General discussions of the systemic, societal and civilisational effects of depletion.

What are we going to do in the post Peak world?

Unread postby Eli » Sun 19 Jun 2005, 00:23:23

I was wondering what the hell are we going to do in a post peak world?

I just heard the term Hubbert’s peak a few days ago over a couple of beers but since that time I have been reading all that I can about it on the internet.

This is without a doubt the most serious problem we will face in our life time. IMHO
I have come to realize that our whole economic system is built on cheap energy. Without cheap energy that is easy and as stable as light sweet crude and natural gas there cannot be growth in our economy.

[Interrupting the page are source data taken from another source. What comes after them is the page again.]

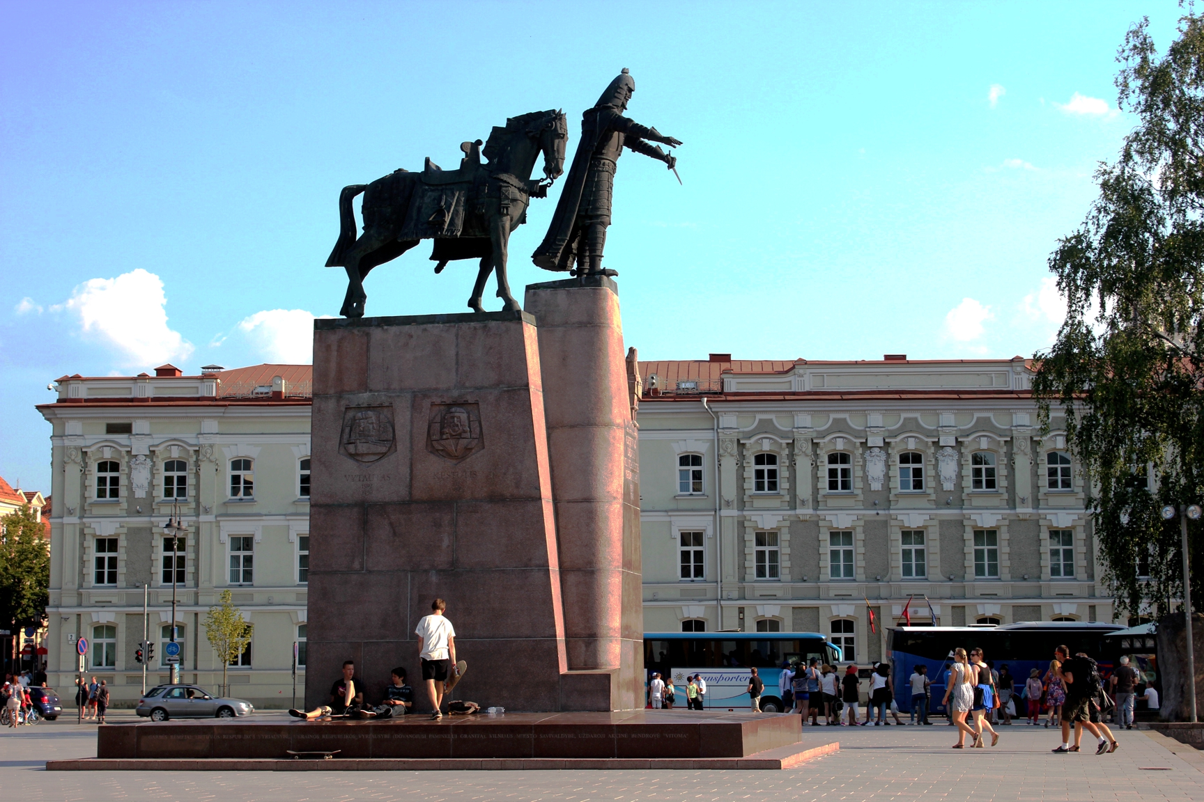 Detrás de la Catedral se encuentra el Palacio de los Grandes Duques de Lituania, reconstruido tras su demolición en el siglo XIX. Fue uno de los palacios más famosos de Europa durante los siglos XV-XVII. Actualmente tiene influencias góticas, renacentistas y barrocas. Delante del palacio podemos apreciar la Estatua del Gran Duque Gediminas.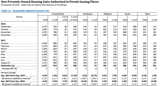 Building permits in September were at a seasonally adjusted annual rate of 1,215,000, 4.5 % below the revised August rate of 1,272,000 and 4.3% below the September 2016 rate of 1,270,000. The decline was driven by the multifamily sector, which posted a 17.4% decline. Single-family authorizations in September were at a rate of 819,000, 2.4% above the revised August figure of 800,000 and 9.3% ahead of the same month last year.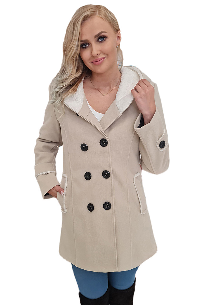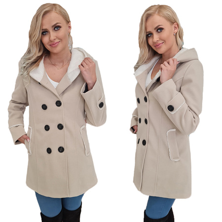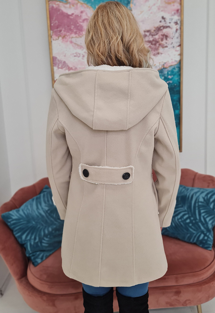 Włoski Płaszcz Z Kapturem Ciepły Z Kożuszkiem BEŻOWY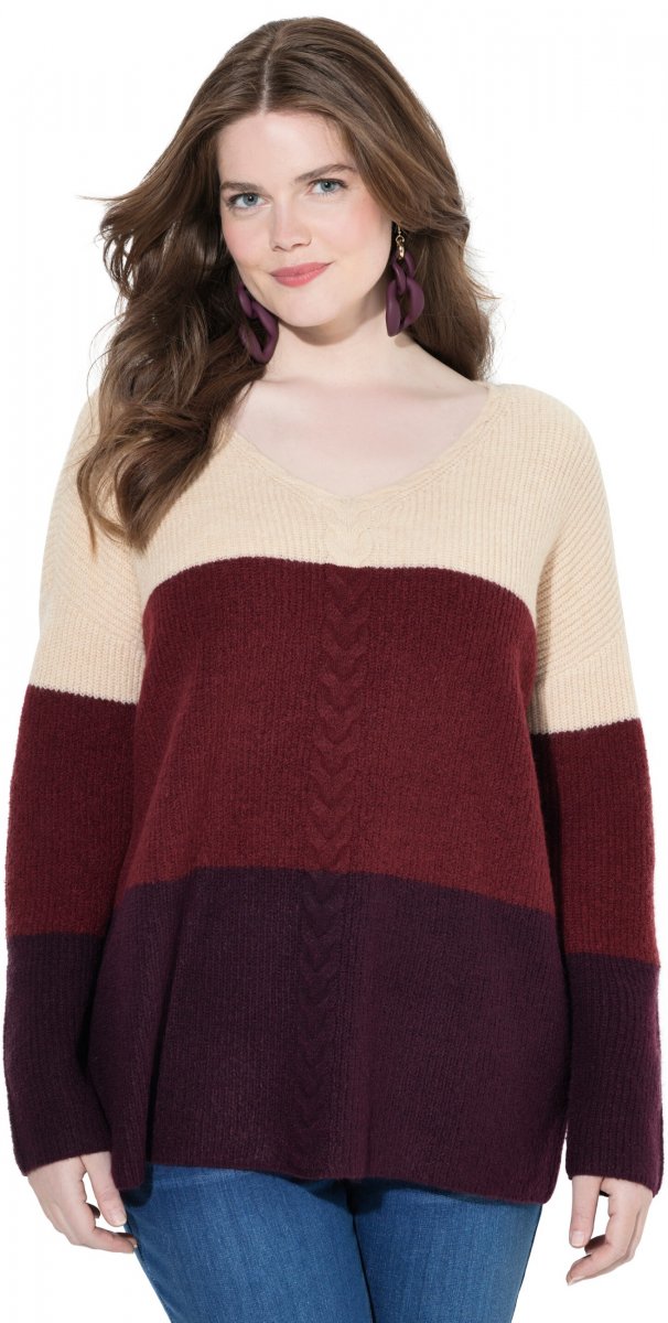 Suuruse juhend - Ulla Popken Cable Knit Block Stripe V-Neck Sweater Dark Ruby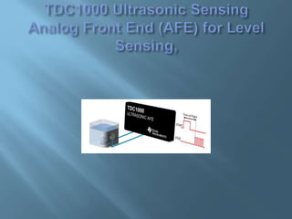 This document discusses ultrasonic level sensing using transducers that emit high frequency acoustic waves and measure the time-of-flight of reflected echoes to determine the distance to the surface of a liquid. It describes the basic working involving excitation of a start pulse and detection of a stop pulse, with the time difference providing the time-of-flight and corresponding distance. It also mentions that there is a blanking zone near the transducer face where objects cannot be detected. Finally, it notes this technology is used for level sensing in tanks, containers, and various industrial equipment.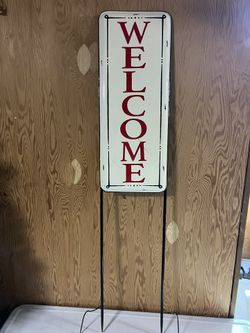 Decorative welcome Metal sign with red lettering.$10Massanutten, VA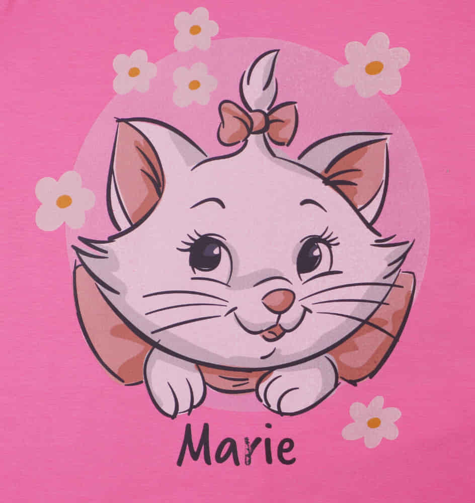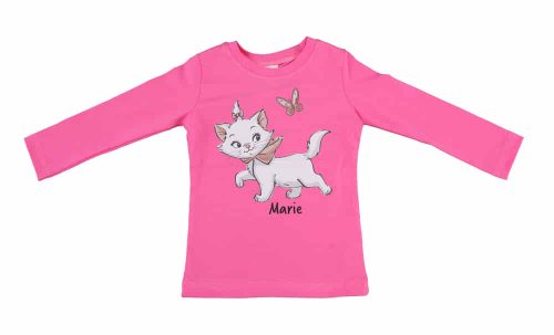 Hosszú ujjú kislány póló enyhén rugalmas pamut anyagból. Praktikus alapdarabja kislányunk ruhatárának, amit nadrággal, szoknyával is viselhet. Az elején aranyos Marie cica mintával nyomva, ami garantálja, hogy kislányunk is szeretni fogja. Minőségi, könnyen kezelhető, szín- és formatartó anyagból készült.
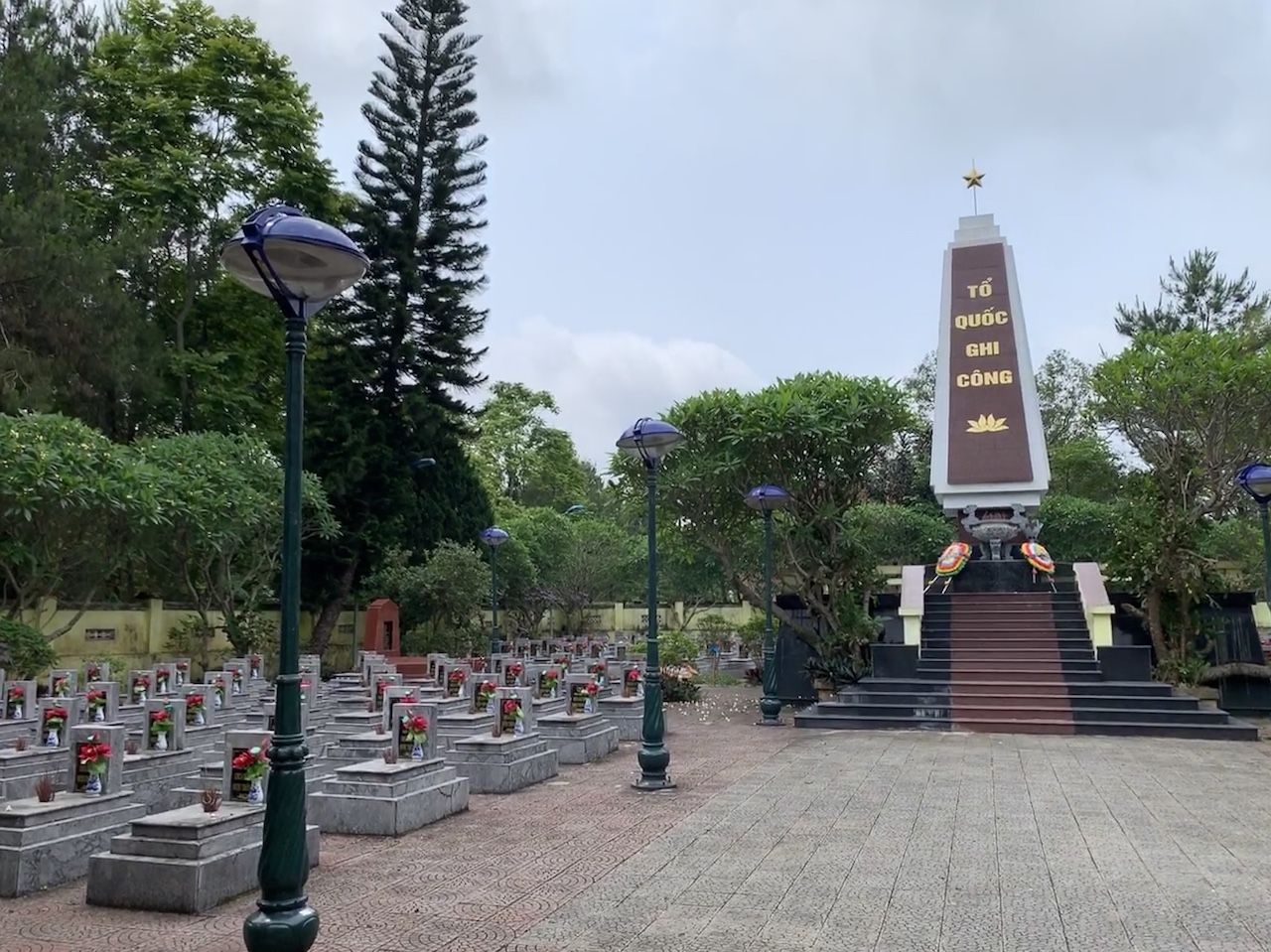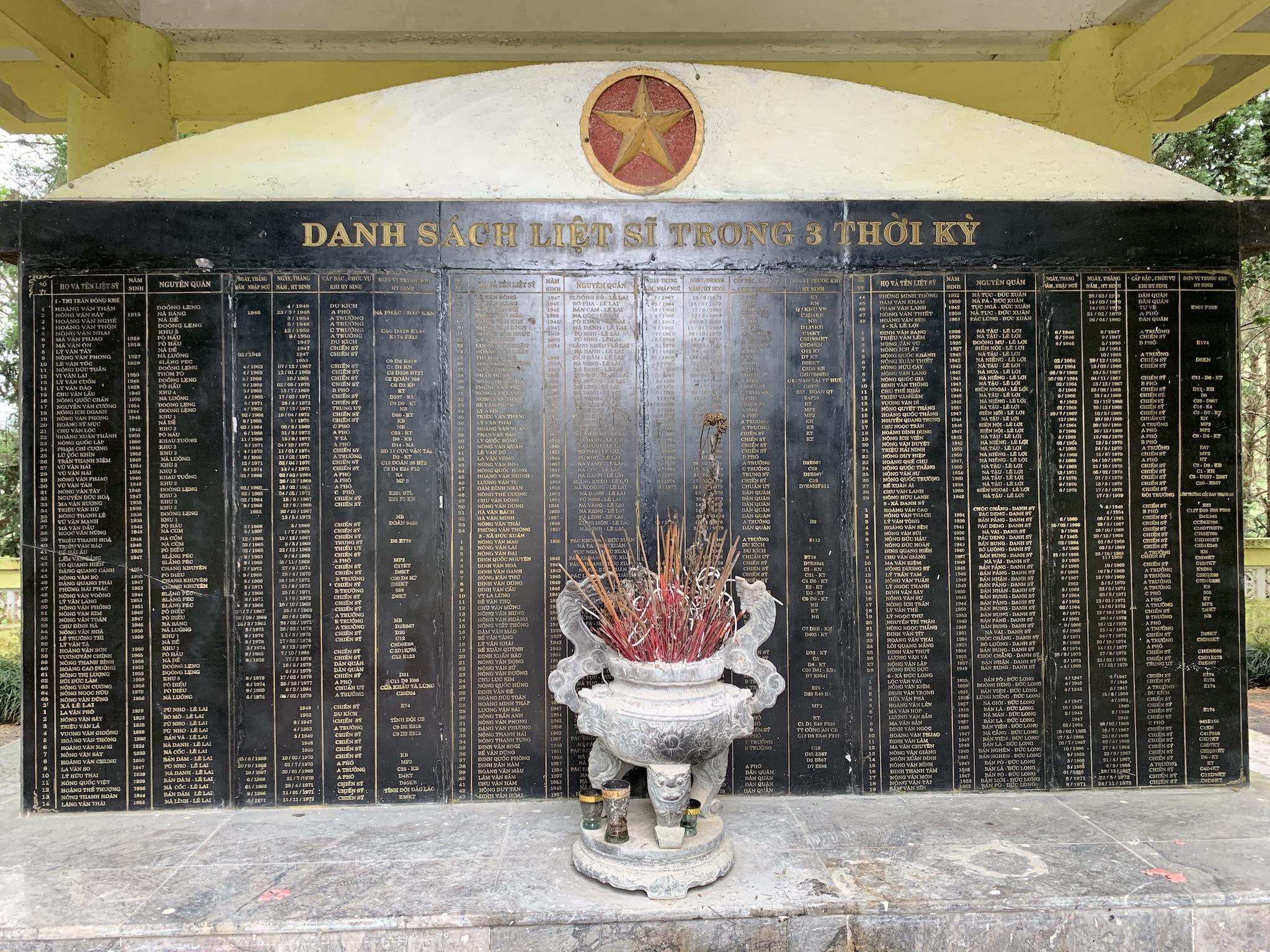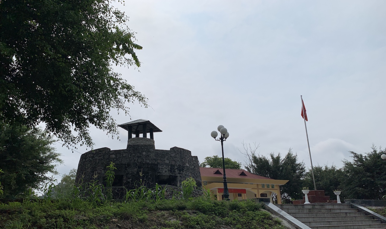 Le chauffeur fait ralentir le véhicule, hésite entre deux voies, et on s’arrête finalement dans une petite ville, au pied d’une colline. Je ne comprends pas au début. A priori, il faut sortir pour une visite. En fait, le nom de la bourgade est différent sur la carte mais on se trouve à Đông Khê, et le sujet de la visite est un ancien fortin français, un des premiers à être reconquis par les forces vietnamiennes. On en a fait un parc mémorial. Quelques murs de l’armée coloniale sont encore là. La terre a tellement été remuée par les bombes, j’ai l’impression que ces murs ont été reconstitués. Un club de musique s’entraîne ici, sans doute pour bénéficier de la tranquilité des lieux. Un cimetière est aussi présent : de nombreuses tombes d’anonymes, et pas seulement de la guerre d’indépendance contre la France, mais aussi de la guerre avec les américains et même celle avec les chinois. Ce cimetière est dédié aux militaires natifs de la région ou morts ici.
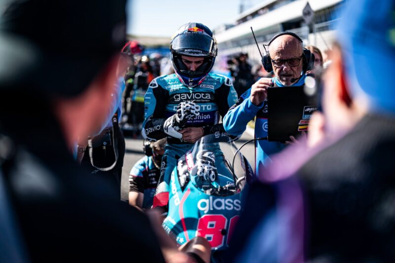 C’est parti pour la Q2, et cette fameuse course à la pole ! José Antonio Rueda (Red Bull KTM Ajo), après une absence de deux courses, revient bien. Il est premier à l’issue de la première salve, mais on sait qu’au niveau du chrono, David Alonso en a encore sous le pied. Et d’ailleurs, le Colombien ne tarde pas à répliquer. Attention à Ivan Ortola, toujours dangereux, bien sûr.
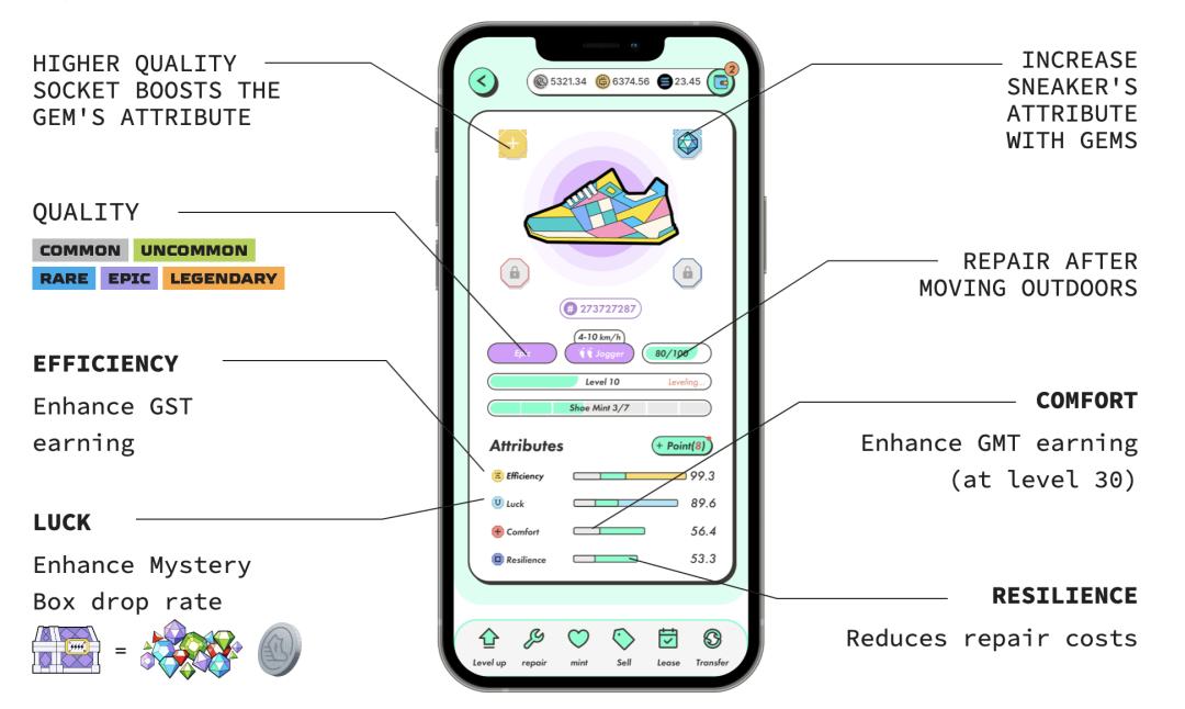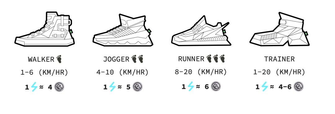 鞋子(Sneaker)包括 4 种类型:Walker(步行鞋)、Jogger(慢跑鞋)、Runner(跑步鞋)和 Trainer(训练鞋),每种类型对应不同的配速和基础回报。鞋子的品质包括:普通、罕见、稀有、史诗、传说,玩家会用不同的颜色去指代它们:灰鞋代表普通,绿鞋代表罕见、蓝鞋代表稀有……

The problem is this most of us make a living doing something that is not necessary. The Airlines are already on the brink fuel costs are killing them and will kill them one little push and they are dead and that is a huge sector of our economy alone. Tourism will sink fast. The auto industry will be up a creek with losses even if they do manage to start producing efficient diesel and alternate fuel vehicles. Wal-mart will be destroyed praise God. And real-estate will go tits up and fast once a 15 min commute sounds too long.

I think peak oil will be called the greatest depression. There is not an easy way out as I see it. There are going to be millions of unemployed people who are hungry and pissed off. I am thankful that I live in America it will suck here big time but not like in Taiwan or Japan they have no natural resources and there economy depends on us buying stuff we don’t need they are little Islands with way too many people on them.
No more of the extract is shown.